Condition: When children or adults fall, they generally do not sustain serious injuries. When the elderly fall, they are more likely to be injured and less likely to fully recover. The elderly also are more prone to falling. However, falls are not an inevitable part of aging and many of them can be prevented.
Background: Nearly 40% of adults over 65 who live in a community setting fall. In nursing homes, this percentage is three times higher. About 10-25% of these people need medical attention.
Risk Factors: Risks can be extrinsic or intrinsic. Examples of extrinsic risks include medications that cause dizziness, poor footwear and a slippery floor. Examples of intrinsic risks include being over 80, leg weakness, gait/balance issues and decreased vision. As risk factors increase, the likelihood of falls increase.
History and Symptoms: All older persons should be asked yearly if they have fallen. Health providers will look for the presence of risk factors and assess if there are signs of medication side effects.

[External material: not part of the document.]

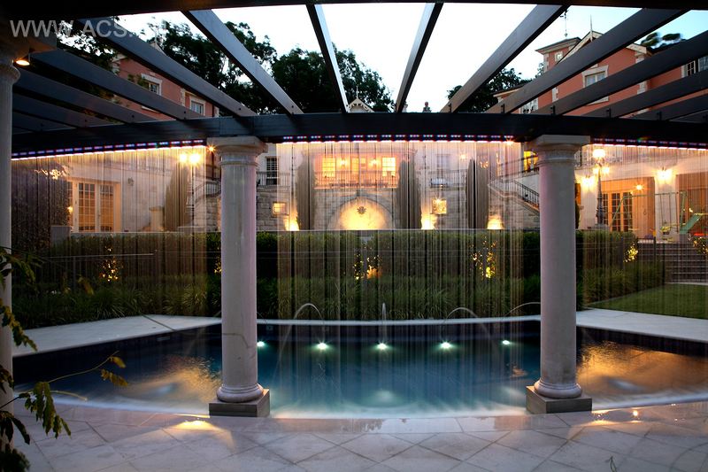 水池脱颖而出的原因有很多,包括独特的圆角形状的两个水池,紫藤乔木,还有那天衣无缝的衔接在一起的水池,景观和住处。量身设计和制造的弧形雨水帷幕有紫藤乔木的一侧那么长,由雨水帷幕内的光纤照明灯点亮,营造了一个美丽的充满戏剧意味的“声与光”效果。另外,一个大的容易进入的储藏室/过滤室加上75,000升的雨水储藏罐都已经被建在水池广场下。每年它都会潜在的节约数千公升的水,雨水储存罐既可以使雨水循环回收来用于灌溉花园的目的,还能补充水池水量。

Physical Exam: Since falls can be caused by multiple factors, health care providers will conduct a variety of examinations, such as checking a patient’s vital signs, vision, thinking, strength, balance and movement in the joints.

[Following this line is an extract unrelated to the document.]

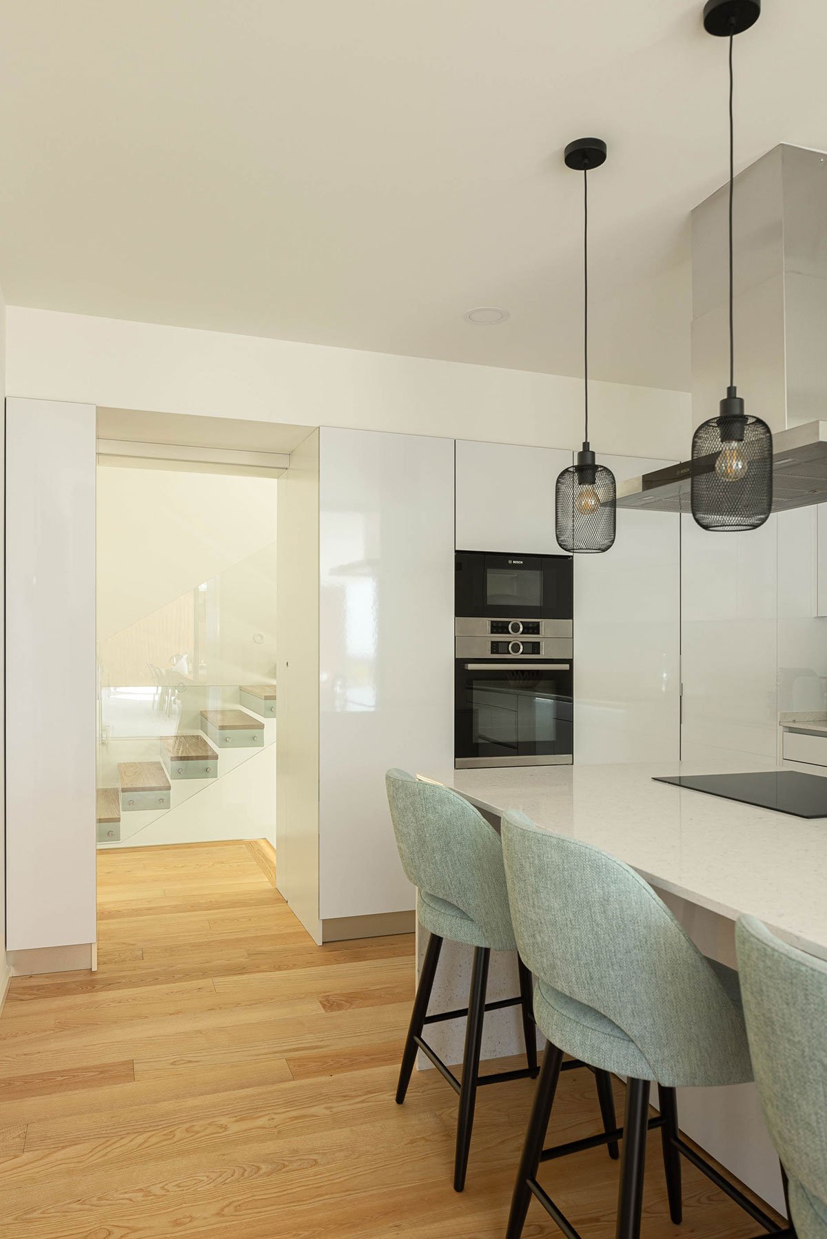 On the first floor, there are three bedrooms, all of which are suites. They are arranged along a corridor that is partially open to a double-height ceiling on the ground floor. The main suite is located to the north, above the bedroom/office on the lower floor, creating a balance between these two floors and the basement floor. The basement contains a garage, pantry, laundry room, bathroom, and multipurpose room that opens onto an East-facing patio. The designers aimed to create a uniform and formal set, with consistent volume and materials that distinguish each floor, resulting in a dynamic and less compact structure.

Diagnostic Process: Since falls can be caused by a wide variety of factors, there is no single test that can assess fall risk. However, blood tests to screen for common health issues that might increase fall risk may be performed.
Rehab Management: Every person faces unique risks. Therefore, assessing and removing or reducing risks are important. Risk prevention may include exercising for strength and balance; eliminating certain medications; and correcting vision impairments.
Other Resources for Patients and Families: The National Council on Aging offers a number of resources such as the Falls Free® National Action Plan. The Centers for Disease Control and Prevention (CDC) also offers tips on how to prevent falls in the elderly.